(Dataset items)
BEGIN
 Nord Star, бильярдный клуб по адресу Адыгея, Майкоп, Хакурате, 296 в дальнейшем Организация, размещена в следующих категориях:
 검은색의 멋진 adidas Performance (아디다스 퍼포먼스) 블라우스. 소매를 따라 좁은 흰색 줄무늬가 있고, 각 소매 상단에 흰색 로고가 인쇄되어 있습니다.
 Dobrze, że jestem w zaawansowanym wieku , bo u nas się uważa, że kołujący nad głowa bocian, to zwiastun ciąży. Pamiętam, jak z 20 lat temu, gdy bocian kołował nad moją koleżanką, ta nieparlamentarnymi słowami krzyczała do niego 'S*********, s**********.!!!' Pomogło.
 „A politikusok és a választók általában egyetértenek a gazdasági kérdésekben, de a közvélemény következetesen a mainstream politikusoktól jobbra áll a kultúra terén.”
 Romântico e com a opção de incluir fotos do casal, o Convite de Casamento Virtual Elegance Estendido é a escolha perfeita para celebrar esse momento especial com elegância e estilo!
END
BEGIN
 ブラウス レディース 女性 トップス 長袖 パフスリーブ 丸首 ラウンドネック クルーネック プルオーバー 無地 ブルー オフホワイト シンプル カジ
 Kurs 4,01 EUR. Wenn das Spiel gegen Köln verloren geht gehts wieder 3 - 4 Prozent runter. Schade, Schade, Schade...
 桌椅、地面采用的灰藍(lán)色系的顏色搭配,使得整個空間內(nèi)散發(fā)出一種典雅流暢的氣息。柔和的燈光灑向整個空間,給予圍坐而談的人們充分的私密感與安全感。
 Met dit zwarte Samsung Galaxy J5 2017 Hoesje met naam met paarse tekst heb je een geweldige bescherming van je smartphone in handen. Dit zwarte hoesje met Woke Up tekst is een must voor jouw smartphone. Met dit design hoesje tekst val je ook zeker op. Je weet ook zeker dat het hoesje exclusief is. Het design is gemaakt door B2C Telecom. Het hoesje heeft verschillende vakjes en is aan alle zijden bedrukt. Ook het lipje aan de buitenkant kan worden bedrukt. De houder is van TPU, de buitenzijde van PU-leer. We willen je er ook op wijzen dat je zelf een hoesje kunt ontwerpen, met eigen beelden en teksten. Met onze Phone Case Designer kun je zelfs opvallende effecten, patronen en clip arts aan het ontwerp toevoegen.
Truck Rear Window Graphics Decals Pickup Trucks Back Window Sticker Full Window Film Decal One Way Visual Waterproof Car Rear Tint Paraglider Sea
END
BEGIN
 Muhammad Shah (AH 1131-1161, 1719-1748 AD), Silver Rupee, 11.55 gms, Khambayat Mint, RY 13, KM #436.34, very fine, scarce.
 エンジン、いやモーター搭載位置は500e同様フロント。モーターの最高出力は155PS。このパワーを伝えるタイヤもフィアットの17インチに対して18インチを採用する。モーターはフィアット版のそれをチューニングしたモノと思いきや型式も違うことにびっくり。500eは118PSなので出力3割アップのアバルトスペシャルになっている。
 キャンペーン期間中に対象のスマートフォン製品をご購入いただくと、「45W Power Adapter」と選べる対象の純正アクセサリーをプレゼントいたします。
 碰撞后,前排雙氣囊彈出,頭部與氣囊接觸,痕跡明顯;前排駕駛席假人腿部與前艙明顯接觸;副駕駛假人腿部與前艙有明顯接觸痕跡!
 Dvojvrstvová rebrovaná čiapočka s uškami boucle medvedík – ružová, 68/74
END
Among the records above, a stretch begins at the line containing "Nord Star, бильярдный" and ends at the line containing "검은색의 멋진 adidas". Restate that stretch word for word, and nothing else.

 Nord Star, бильярдный клуб по адресу Адыгея, Майкоп, Хакурате, 296 в дальнейшем Организация, размещена в следующих категориях:
 검은색의 멋진 adidas Performance (아디다스 퍼포먼스) 블라우스. 소매를 따라 좁은 흰색 줄무늬가 있고, 각 소매 상단에 흰색 로고가 인쇄되어 있습니다.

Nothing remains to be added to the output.